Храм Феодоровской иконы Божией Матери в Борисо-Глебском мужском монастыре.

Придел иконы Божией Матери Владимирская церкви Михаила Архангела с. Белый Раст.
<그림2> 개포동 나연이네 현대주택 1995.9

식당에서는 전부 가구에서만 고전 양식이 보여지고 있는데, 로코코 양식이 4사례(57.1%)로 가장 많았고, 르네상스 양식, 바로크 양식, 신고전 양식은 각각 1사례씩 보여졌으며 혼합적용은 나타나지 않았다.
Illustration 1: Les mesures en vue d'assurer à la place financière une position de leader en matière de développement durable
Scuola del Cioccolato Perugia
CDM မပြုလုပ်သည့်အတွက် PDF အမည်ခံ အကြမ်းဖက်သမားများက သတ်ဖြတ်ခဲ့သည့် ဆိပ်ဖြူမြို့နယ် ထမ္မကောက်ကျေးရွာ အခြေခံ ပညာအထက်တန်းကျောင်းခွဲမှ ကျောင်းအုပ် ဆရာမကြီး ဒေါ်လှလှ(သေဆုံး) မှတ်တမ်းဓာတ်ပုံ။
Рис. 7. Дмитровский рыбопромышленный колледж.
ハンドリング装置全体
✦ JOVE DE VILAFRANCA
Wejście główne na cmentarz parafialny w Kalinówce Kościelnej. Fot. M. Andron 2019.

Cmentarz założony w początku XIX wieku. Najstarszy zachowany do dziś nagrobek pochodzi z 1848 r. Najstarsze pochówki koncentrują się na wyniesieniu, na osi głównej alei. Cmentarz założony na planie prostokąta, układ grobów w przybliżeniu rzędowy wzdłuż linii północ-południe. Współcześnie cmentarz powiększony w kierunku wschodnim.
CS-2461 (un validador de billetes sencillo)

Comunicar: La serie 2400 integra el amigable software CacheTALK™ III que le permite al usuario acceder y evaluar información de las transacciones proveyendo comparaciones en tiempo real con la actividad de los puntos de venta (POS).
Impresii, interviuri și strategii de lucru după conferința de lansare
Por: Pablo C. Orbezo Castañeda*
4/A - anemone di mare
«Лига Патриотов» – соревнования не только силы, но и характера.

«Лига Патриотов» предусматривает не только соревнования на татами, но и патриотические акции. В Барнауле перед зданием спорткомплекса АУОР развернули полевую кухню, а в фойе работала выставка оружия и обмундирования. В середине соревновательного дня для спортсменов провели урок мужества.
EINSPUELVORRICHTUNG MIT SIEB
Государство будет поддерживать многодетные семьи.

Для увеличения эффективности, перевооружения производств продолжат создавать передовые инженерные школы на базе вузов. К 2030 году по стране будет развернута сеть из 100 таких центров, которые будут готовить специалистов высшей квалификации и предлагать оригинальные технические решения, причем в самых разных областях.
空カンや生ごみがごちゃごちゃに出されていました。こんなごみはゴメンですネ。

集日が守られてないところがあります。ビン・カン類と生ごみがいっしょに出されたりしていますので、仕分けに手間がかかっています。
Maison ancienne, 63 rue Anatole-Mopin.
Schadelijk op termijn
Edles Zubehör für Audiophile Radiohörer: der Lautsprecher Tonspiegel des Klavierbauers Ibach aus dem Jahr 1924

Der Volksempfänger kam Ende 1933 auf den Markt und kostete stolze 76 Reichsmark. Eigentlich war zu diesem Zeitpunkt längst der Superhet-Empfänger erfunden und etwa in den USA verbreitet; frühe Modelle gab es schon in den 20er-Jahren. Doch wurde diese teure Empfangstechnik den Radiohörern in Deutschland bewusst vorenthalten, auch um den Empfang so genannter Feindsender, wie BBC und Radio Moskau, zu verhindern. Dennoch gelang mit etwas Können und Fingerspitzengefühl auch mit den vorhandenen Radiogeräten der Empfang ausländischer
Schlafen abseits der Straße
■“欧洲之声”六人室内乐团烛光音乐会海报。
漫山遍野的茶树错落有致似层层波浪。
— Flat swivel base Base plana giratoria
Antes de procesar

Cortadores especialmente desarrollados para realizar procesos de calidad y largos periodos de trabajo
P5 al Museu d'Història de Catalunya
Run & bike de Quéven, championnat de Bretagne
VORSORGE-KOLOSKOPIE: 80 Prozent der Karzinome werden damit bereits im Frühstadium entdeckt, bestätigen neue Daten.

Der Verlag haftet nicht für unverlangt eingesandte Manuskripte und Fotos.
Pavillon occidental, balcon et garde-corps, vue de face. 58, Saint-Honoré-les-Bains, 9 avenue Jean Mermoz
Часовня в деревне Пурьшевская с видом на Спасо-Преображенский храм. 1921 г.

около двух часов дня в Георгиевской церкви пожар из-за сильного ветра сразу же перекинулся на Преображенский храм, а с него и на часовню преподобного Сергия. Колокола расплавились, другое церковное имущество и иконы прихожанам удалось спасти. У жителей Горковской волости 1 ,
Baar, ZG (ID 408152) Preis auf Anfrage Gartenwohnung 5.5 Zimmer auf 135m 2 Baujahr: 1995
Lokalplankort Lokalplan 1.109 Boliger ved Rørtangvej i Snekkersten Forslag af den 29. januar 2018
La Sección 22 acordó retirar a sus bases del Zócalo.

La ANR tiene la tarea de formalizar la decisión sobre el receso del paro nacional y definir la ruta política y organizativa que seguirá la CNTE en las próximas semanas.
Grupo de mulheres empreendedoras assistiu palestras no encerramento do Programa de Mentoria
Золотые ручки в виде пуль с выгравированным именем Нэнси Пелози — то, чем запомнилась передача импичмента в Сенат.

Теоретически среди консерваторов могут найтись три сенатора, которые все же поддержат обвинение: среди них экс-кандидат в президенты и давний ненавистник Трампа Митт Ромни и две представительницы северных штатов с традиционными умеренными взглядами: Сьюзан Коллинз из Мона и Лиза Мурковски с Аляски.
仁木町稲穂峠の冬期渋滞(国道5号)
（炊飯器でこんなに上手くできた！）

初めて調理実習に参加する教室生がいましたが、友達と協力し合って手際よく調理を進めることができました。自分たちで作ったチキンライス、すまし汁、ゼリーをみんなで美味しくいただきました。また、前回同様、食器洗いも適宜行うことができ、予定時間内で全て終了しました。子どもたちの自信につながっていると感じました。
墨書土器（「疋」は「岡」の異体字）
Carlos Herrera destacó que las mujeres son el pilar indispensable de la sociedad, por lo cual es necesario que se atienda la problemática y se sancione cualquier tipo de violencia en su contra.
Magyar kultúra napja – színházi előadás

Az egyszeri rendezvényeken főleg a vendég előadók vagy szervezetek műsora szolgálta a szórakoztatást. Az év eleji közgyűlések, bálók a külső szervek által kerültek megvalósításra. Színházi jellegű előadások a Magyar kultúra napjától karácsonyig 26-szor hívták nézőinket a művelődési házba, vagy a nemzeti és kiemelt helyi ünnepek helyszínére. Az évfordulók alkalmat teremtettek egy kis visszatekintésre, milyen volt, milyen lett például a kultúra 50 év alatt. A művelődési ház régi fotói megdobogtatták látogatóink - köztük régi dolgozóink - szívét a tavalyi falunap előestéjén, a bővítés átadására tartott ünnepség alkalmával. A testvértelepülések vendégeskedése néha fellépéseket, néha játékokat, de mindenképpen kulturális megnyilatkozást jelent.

**EXERCISE GOAL:**
Using the records above, report each line that contains the word "Патриотов" by copying it.

**EXERCISE SOLUTION:**
«Лига Патриотов» – соревнования не только силы, но и характера.
«Лига Патриотов» предусматривает не только соревнования на татами, но и патриотические акции. В Барнауле перед зданием спорткомплекса АУОР развернули полевую кухню, а в фойе работала выставка оружия и обмундирования. В середине соревновательного дня для спортсменов провели урок мужества.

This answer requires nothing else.